After each Reason–Act–Evaluation cycle, the memory for the current page is updated and serialized into an external cache. When the agent revisits the same URL, the stored summary and cached actions are reloaded to reconstruct local context, enabling consistent reasoning, efficient replay, and branch pruning. Moreover, during subsequent task decomposition, the visited actions recorded in the page memory are incorporated into the reasoning context, allowing the agent to refine subtasks based on explored website structures and improve decomposition accuracy. By structuring memory at the page level and coupling it with system-level command traces, the agent can (i) avoid redundant exploration, (ii) compress historical traces into meaningful summaries, and (iii) recover relevant state rapidly during nearest-URL replay or background reasoning.

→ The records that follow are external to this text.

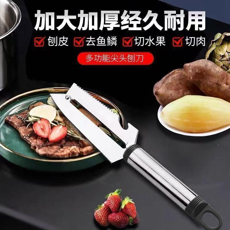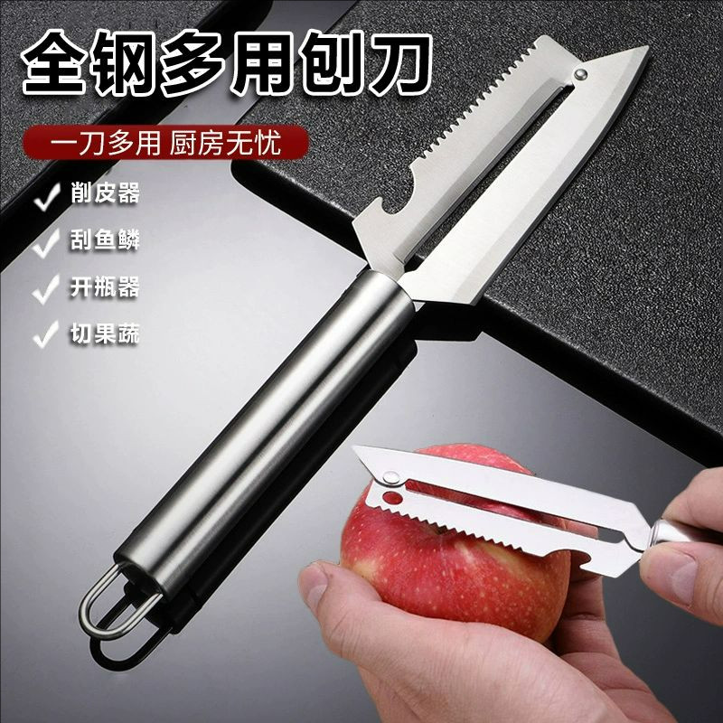 📚 不锈钢水果刀二合一削皮器家用厨房刀老式刮皮器多功能削皮刀神器
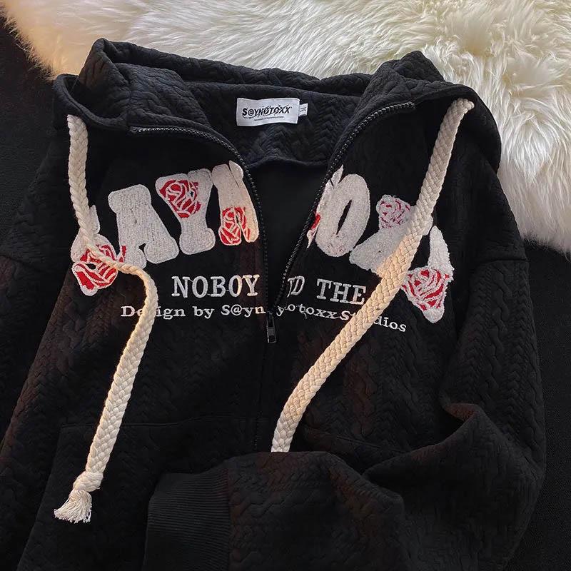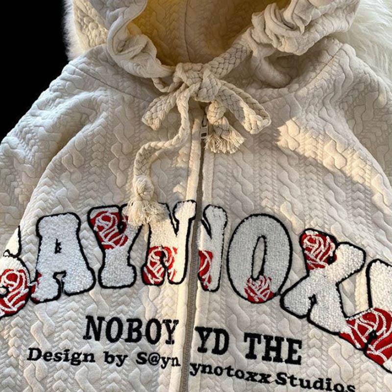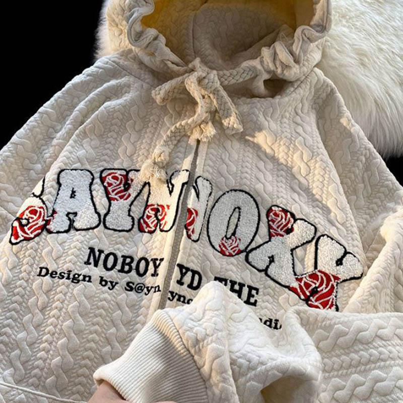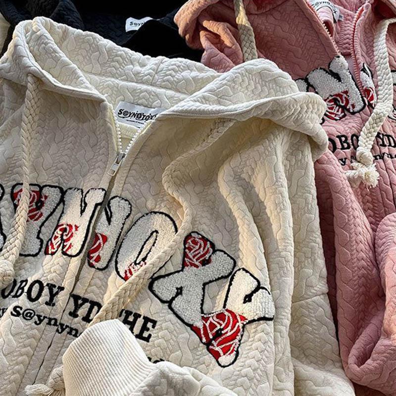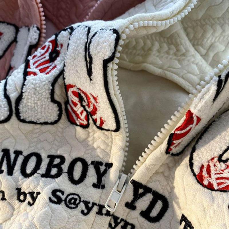 Женская куртка с капюшоном на осень и весну, свободная мягкая повседневная куртка на молнии с длинными рукавами и карманами с буквами
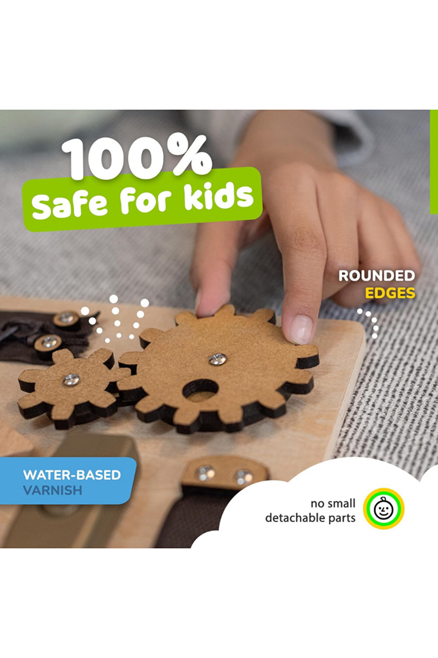 【Çoklu aktivite seti】 Çocukların labirenti nasıl çözeceklerini, dişli çarkları nasıl döndüreceklerini veya anahtar düğmesine "tıklayacaklarını" oynamaları ve öğrenmeleri için özenle hazırlanmış, kilitli ve mandallı ahşap aktivite panosu. Evde eğitim alırken veya seyahat ederken çocuğunuzu meşgul edecek mandallı pano.
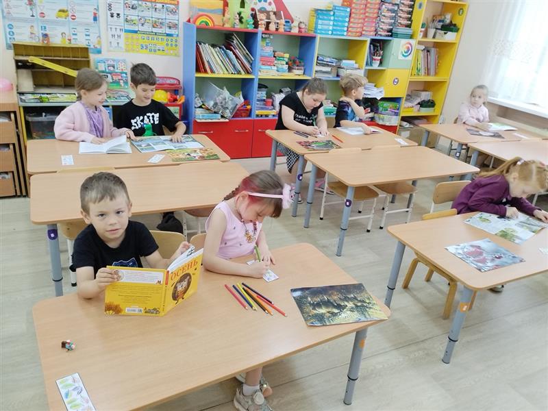 Про осень и осеннюю пору написано немало сказок и рассказов. Осенью природа необыкновенно красива. Лес окрашивается в золотой, багряный, лиловый и жёлтый цвета, поспевают плоды, наливаются соком ягоды. На занятии ребята знакомились с осенними сказками, отгадывали загадки на эту тему и даже выполнили физкультминутку под названием «Ветер».
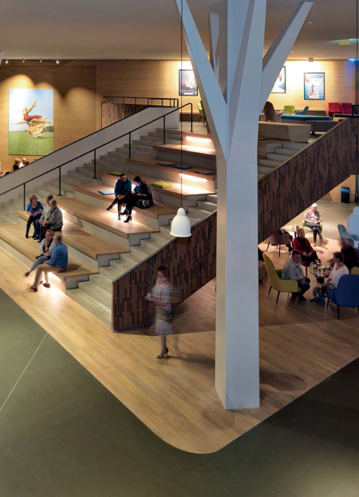 built in 1983, theatre du bussel, which also incorporates the theek5 library, is undoubtedly one of the most significant structures in the cultural framework of oosterhout, dutch city of the northern brabant region with over 50,000 inhabitants. after assessing its inadequacy to meet the modern needs of the city, the municipal government decided to entrust the architecture firms 3to architecten and dp6 with the task of restoring the theatre. the project developed by the two architecture firms had thoroughly renovated the building by making it a symbol of the cultural development of the little town, perfectly integrated in an urban context dominated by the oosterhout basilica. this effect was also achieved by selecting a shaded colour for the façade, similar to the colour of the external flooring. its wavy façade has been designed to recall the idea of a big tent, while turf has been installed on the roof to considerably please the looks of anybody who observes the structure from the windows of the private buildings or hotels in the vicinities. the connection with nature is one of the most distinguishing features of the theatre. being located in an area traditionally filled with trees, the designers let themselves be inspired by these natural shapes at a structural and symbolic level as well. the load-bearing columns of the hall, in fact, have been designed the shape of a tree and prints of the local flora have been placed along the walls. the restoration work was completed in october 2015. today the building houses a wide and modern room with 500 seats and a new room with 200 seats. in addition to that, the existing foyer was extended with an area where Viabizzuno recessed lights integrated in the false ceiling added volume to the entire architecture. the basic lighting system consists of customized 070 profiles with eco led spots that cross the entire building from side to side, to unite the two intended uses (library and theatre) into a single visible building. the dark crevices enlightened by spotlights recall the light beams used in theatres and are completed by thin m13 spotlights with 13x8 led light lines and signoria suspension luminaires that create ambience light and favour the visibility of the building form outside, thus inviting passers-by to stop en enter to see which shows are on the program, linger in the literary coffee shop or visit an exhibition. that is how de bussel has become oosterhout’s sitting-room.
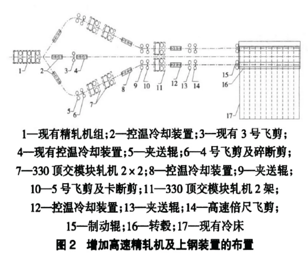 高速精轧改造方案是在现有的精轧机组和冷床之间的轧制线两侧布置2套高速轧制设备,每套设备包括控温水冷装置、夹送辊、4号飞剪及碎断剪、高棒精轧机(330顶交模块轧机2×2)、控温水冷装置、夹送辊、5号飞剪及卡断剪、减径机架(330顶交模块轧机2架)、成品后控温水冷装置、夹送辊及高速飞剪、制动辊、转毂,工艺布置如下页图2所示。6架高速轧机产品范围为Φ12~Φ22mm,轧制速度最大为38m/s。大规格Φ25~Φ40mm棒材采用现有的辊道和裙板上冷床。轧制中小规格时轧件在现有的6架精轧机上切分为两线来给后面高速轧机供料。2.2改造方案二
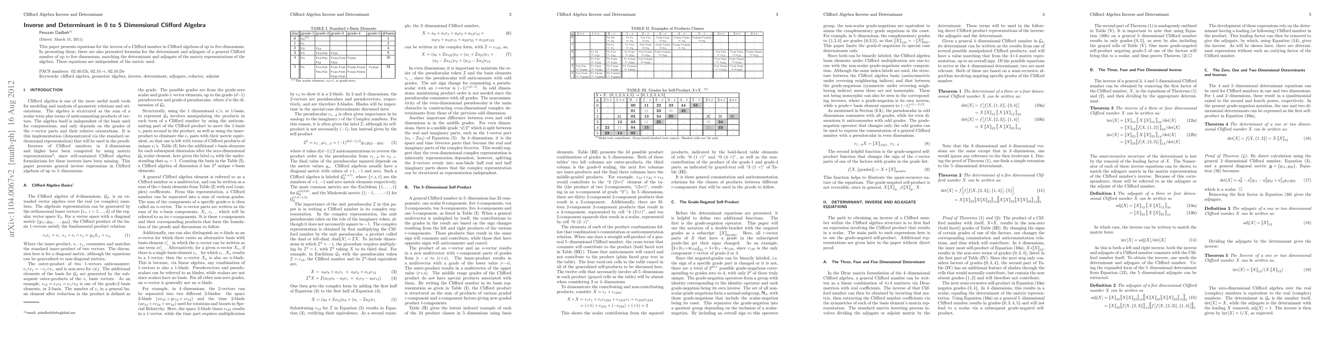 This paper derives equations for the inverse of Clifford numbers in dimensions 0 to 5, alongside formulas for their determinant and adjugate, which align with the matrix representations of the algebra and are metric-independent.
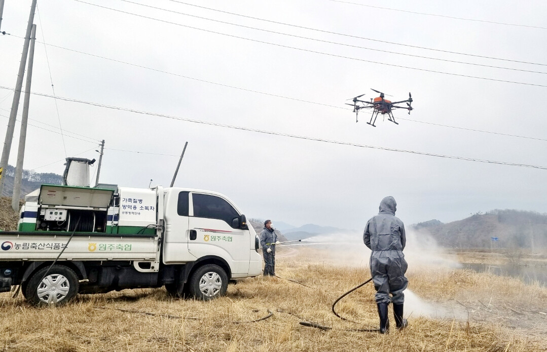 농협 강원본부 및 원주축협 공동방제단이 10일 원주천 철새도래지에서 드론과 방역차량을 활용해 축산농가 주변을 정밀 소독하고 있다.
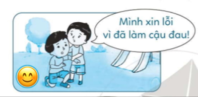 Em sẽ: Nếu làm rơi mũ của bạn vào vũng nước, em sẽ nhặt mũ lên, xin lỗi bạn chân thành và làm sạch mũ trước khi trả lại cho bạn. (Mình xin lỗi bạn nhé! Để mình mang mũ về làm sạch rồi mình trả lại cho bạn nhé!).
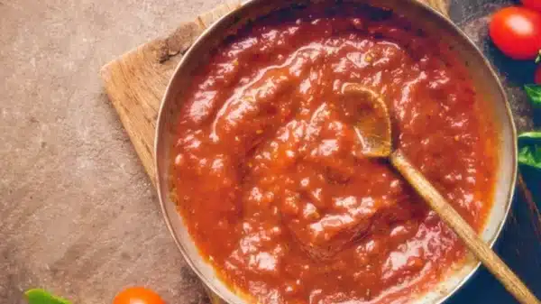 La sauce Marinara ressemble à la sauce tomate, mais on ajoute généralement de l’ail et des herbes, comme le basilic et l’origan, au mélange de tomates et d’huile d’olive.

Table 2: Comparison of the success rate (SR) of our method with baseline agents on the WebArena (WA) benchmark. Published baselines are shown in the upper block, while our method is reported in the lower block.
Method Model SR (%) Shopping Shopping Admin GitLab Map Reddit Multisite
WebArena [17] GPT-4-Turbo 16.5 16.6 15.9 10.0 22.9 21.7 16.7
BrowserGym [23] GPT-4o 23.5
AutoWebGLM[31] ChatGLM3-6B 18.2
AutoEval [32] GPT-4 26.9 39.6 20.9 25.0 27.5 20.8 16.7
SteP [33] GPT-4-Turbo 33.3 33.2 32.4 26.7 35.8 52.8 12.5
AWM [34] GPT-4 35.5 32.1 29.1 35.0 42.2 54.7 18.8
API Hybrid Agent [35] GPT-4o 38.9 25.7 41.2 44.4 45.9 51.9 16.7
WebPilot [36] GPT-4o 37.2 36.9 24.7 39.4 33.9 65.1 *
AgentOccam-Judge [37] GPT-4-Turbo 45.7 43.3 46.2 38.9 52.3 67.0 16.7
Tree Search [20] GPT-4o 19.2 27.8 16.5 13.9 26.6 11.3 16.7
Branch-and-Browse (Ours) GPT-4o 35.8 34.6 26.4 36.7 46.8 50.9 18.8
Figure 4: Ablation results on WebArena (812 tasks): average time per successful task across all sites. Failed tasks are excluded since they often fall into repetitive exploration loops, leading to disproportionately high and uninformative time consumption.

4 Evaluation↩︎

In this section, we systematically evaluate our approach in a realistic environment for testing autonomous language agents on complex web tasks. Our evaluation is designed to answer the following questions:

  • Q1: How does Branch-and-Browse perform compared to existing web agent baselines across different website categories and task types?

  • Q2: What are the individual and combined contributions of the proposed acceleration mechanisms—nearest-URL replay and background reasoning—to efficiency?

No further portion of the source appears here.